BACKGROUND: Primary central nervous system lymphoma (PCNSL) is a rare lymphoma of the central nervous system, usually of diffuse large B cell phenotype. Stereotactic biopsy followed by histopathology is the diagnostic standard. However, limited material is available from CNS biopsies, thus impeding an in-depth characterization of PCNSL. METHODS: We performed flow cytometry, single-cell RNA sequencing, and B cell receptor sequencing of PCNSL cells released from biopsy material, blood, and cerebrospinal fluid (CSF), and spatial transcriptomics of biopsy samples. RESULTS: PCNSL-released cells were predominantly activated CD19+CD20+CD38+CD27+ B cells. In single-cell RNA sequencing, PCNSL cells were transcriptionally heterogeneous, forming multiple malignant B cell clusters. Hyperexpanded B cell clones were shared between biopsy- and CSF- but not blood-derived cells.

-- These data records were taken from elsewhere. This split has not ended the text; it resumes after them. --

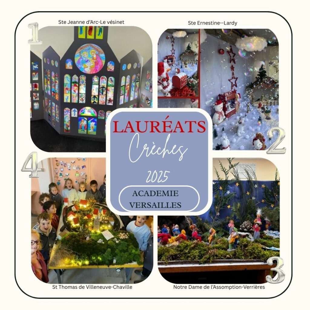 Suite au Concours de Crèches proposé par le Réseau d’animation pastorale de l’Apel, les membres du Conseil d’Administration de l’Apel académique de Versailles se sont réunis le 13/01 dernier pour désigner les gagnants parmi les 28 participants de cette édition 2024.Voici les résultats :1er prix : St Thomas de Villeneuve à Chaville2ème prix : St Spire Sénart à St-Pierre-du-Perray3ème prix : Ste Clotilde à Issy-les-Moulineaux4ème prix : Ste Jeanne d’Arc au VésinetUn grand bravo 👏à nos gagnants et un grand merci aux 28 APEL d’établissements pour leurs participations à ce beau concours !
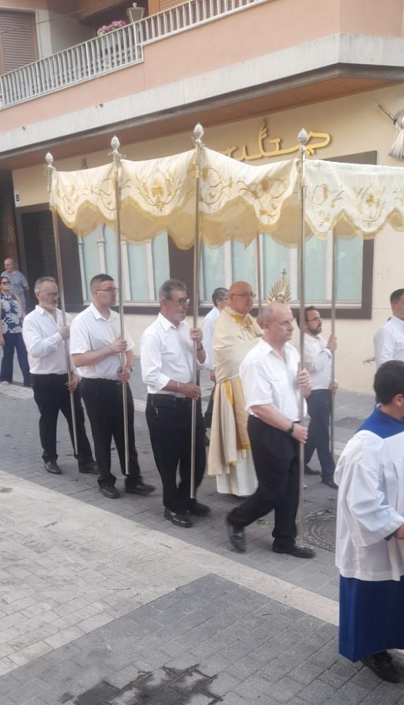 Nuevamente este año, la Junta de cofradía ha participado en la festividad del Corpus Christi. Tanto decorando la subida a la iglesia de Santa María, como ayudando con unos pocos cofrades a llevar el Palio.
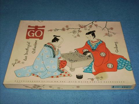 Neben dem Brettspielklassiker GO werden noch zwei kürzere Varianten des Spiels präsentiert, Gomoku und Gobang. Bei GO setzen zwei Spieler abwechselnd ihre Steine auf die Kreuzungspunkte des quadratischen Rasters und versuchen, Gebietsgewinne zu erzielen und gegnerische Steine einzuschließen. Bei Gomoku soll eine Fünfer-Reihe in beliebiger Richtung gebildet werden und bei Gobang geht es ebenfalls um Fünferreihen wie in Gomoku, nur kommt noch eine Schlagmöglichkeit dazu. Sehr alte Ausgabe mit dreistelliger Artikelnummer und dem Puppenlogo mit Profil-Kopf statt Kreis
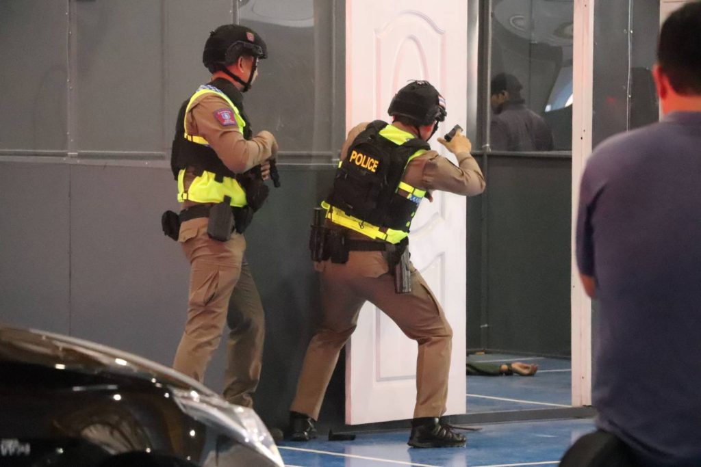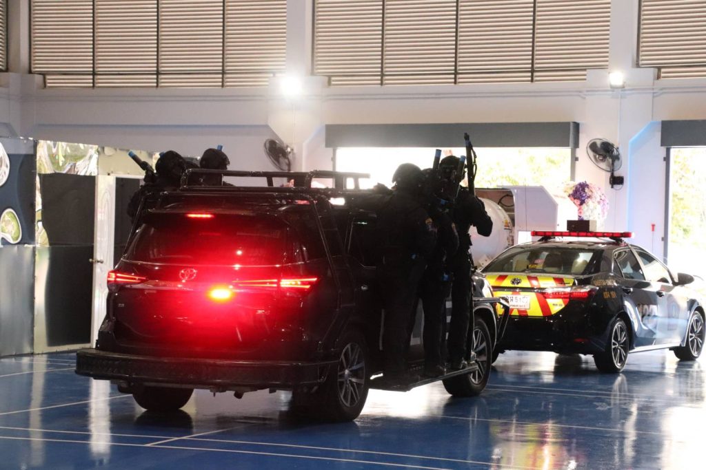 ตลอดจนนำหน่วยอรินทราช ชุดปฏิบัติการพิเศษและหน่วยเก็บกู้วัตถุระเบิด สุนัขตำรวจร่วมคลี่คลายสถานการณ์ด้วยจากนั้นได้ตรวจเยี่ยมกำลังพลการแสดงอาวุธยุทโธปกรณ์ ของหน่วยงานในสังกัด

T cells in the tumor microenvironment upregulated immune checkpoint molecules, thereby recognizing immune evasion signals from PCNSL cells. Spatial transcriptomics revealed heterogeneous spatial organization of malignant B cell clusters, mirroring their transcriptional heterogeneity across patients, and pronounced expression of T cell exhaustion markers, co-localizing with a highly malignant B cell cluster. CONCLUSIONS: Malignant B cells in PCNSL show transcriptional and spatial intratumor heterogeneity. T cell exhaustion is frequent in the PCNSL microenvironment, co-localizes with malignant cells, and highlights the potential of personalized treatments.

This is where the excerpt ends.